Privathaftpflicht prüfen

Diese Versicherung ist für jeden Bürger unverzichtbar. Sie schützt vor finanziellem Fiasko, wenn man Schäden bei anderen verursacht. Haben die Eltern eine Haftpflichtpolice, benötigen Azubis in der ersten Berufsausbildung aber noch keine eigene. Sie sind in ihrer Lehrzeit auch als Volljährige noch mitversichert und können sich deshalb eigene Beiträge sparen. Haben Mutter und Vater aber keine Privathaftpflicht, wird ein eigener Vertrag zum Muss, empfiehlt Wortberg. Das gilt auch bei Heirat. Die wichtige Police ist für Singles ab etwa 35 Euro im Jahr erhältlich.

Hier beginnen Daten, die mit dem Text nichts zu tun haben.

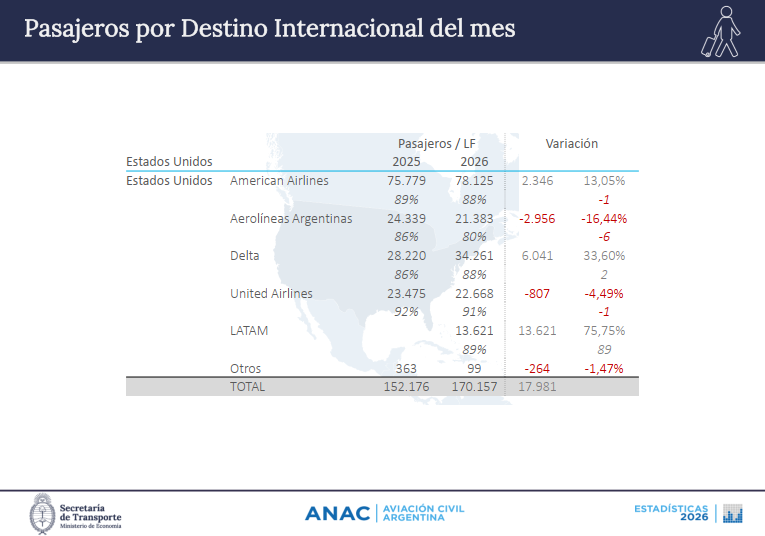 Con EEUU Delta en el interanual fue la que mas gano sumando 6.041 pasajeros, segunda quedo American Airlines con 2.346 viajeros ganados y tercera United que perdió -807 turistas, mientras que Aerolíneas Argentinas perdió -2.956 pasajeros y LATAM que no compara año contra año transporto 13.621 viajeros en su vuelo diario de quinta libertad -Santiago de Chile/Ezeiza/Miami-
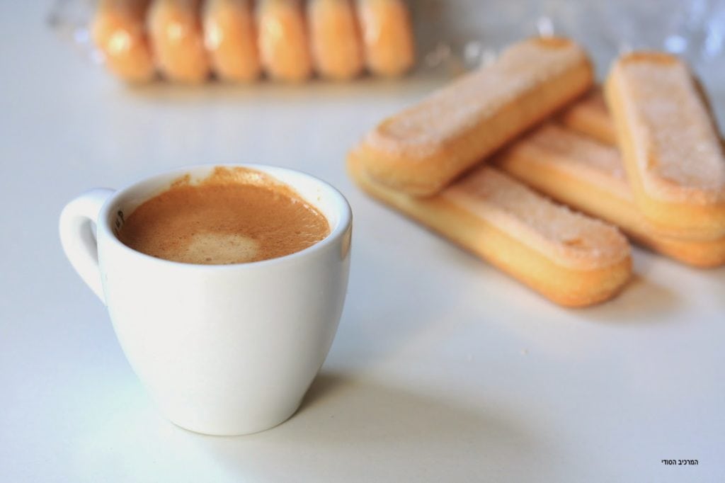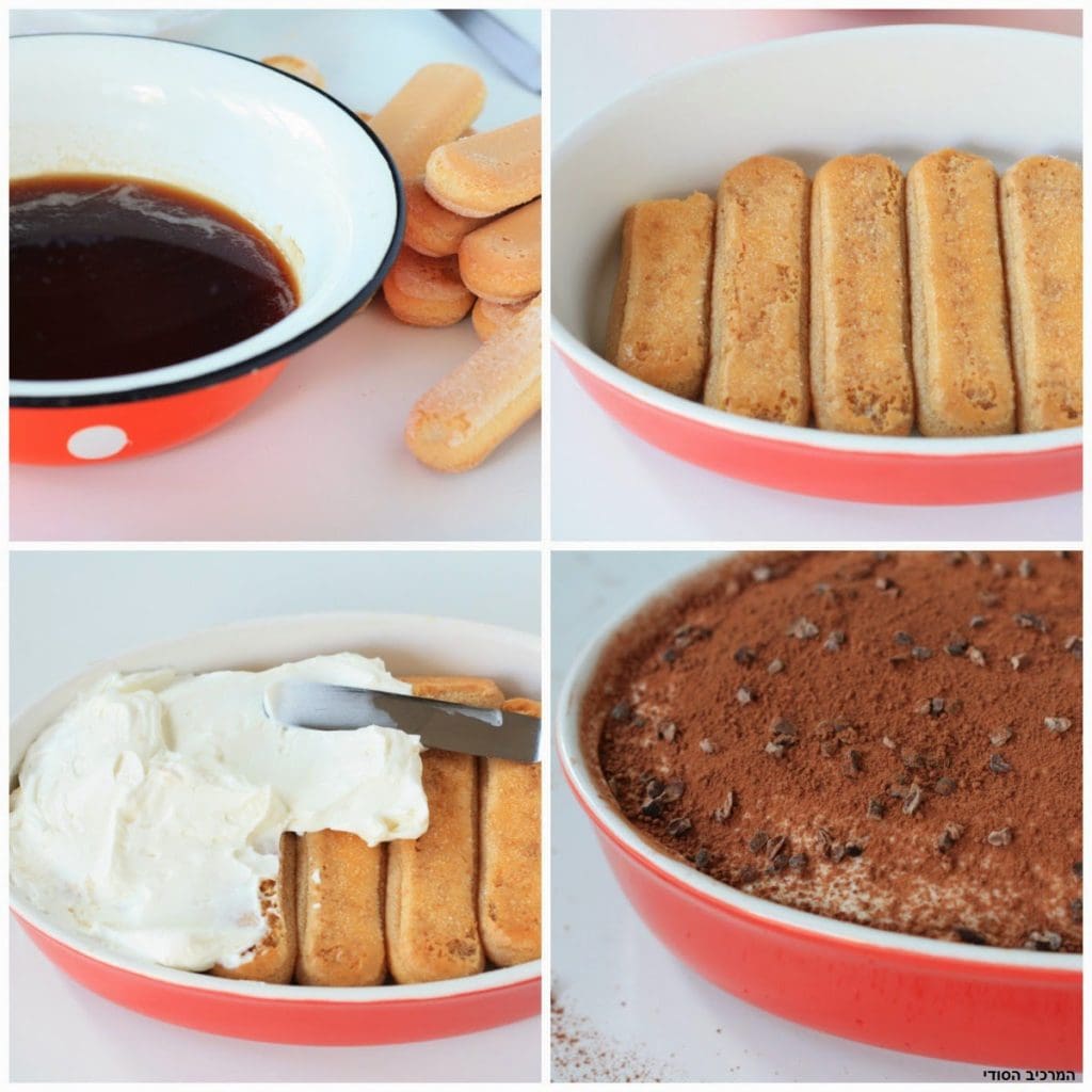 נורא), אבל אפשר גם להשתמש בכלי אחד גדול. טובלים כל ביסקוויט בתערובת הקפה

Die Hausrat-Police lohnt sich selten

Solange der Auszubildende noch zu Hause wohnt, ist eine Extra-Police überflüssig. Auch in der ersten, sparsam möblierten Wohnung wird sie kaum gebraucht. Nur wer schon in der Lehre hochwertigen Hausrat anschafft - teure Möbel, Hightech-Geräte, Computer, eine Profi-Fotoausrüstung - sollte über eine Absicherung nachdenken. Die Police deckt üblicherweise Einbruchdiebstahl, Brand, Blitzschlag, Explosion und auch Schäden durch Rohrbrüche und Sturm ab.

Das muss nicht sein

Nur wer noch finanziellen Spielraum hat, kann sich mit einer privaten Unfallversicherung zusätzlich absichern. Die BU springt erst ab 50 Prozent Berufsunfähigkeit ein. Die Unfallpolice zahlt bereits ab einem Prozent Invalidität infolge eines Unfalls. Als Faustregel für die Höhe der Versicherungssumme gilt: Monatsbedarf mal 200. Wer glaubt, im Ernstfall mit monatlich 1000 Euro über die Runden zu kommen, kann eine Versicherungssumme über 200 000 Euro abschließen. Die Kosten für einen Vertrag über 100 000 Euro: ab 60 Euro im Jahr, je nach Alter und Beruf. Verzichtbar ist nach Ansicht von Versicherungsexperten der Abschluss einer eigenen Rechtsschutz-, Reiserücktritts- oder Gepäckversicherung sowie einer Handyversicherung.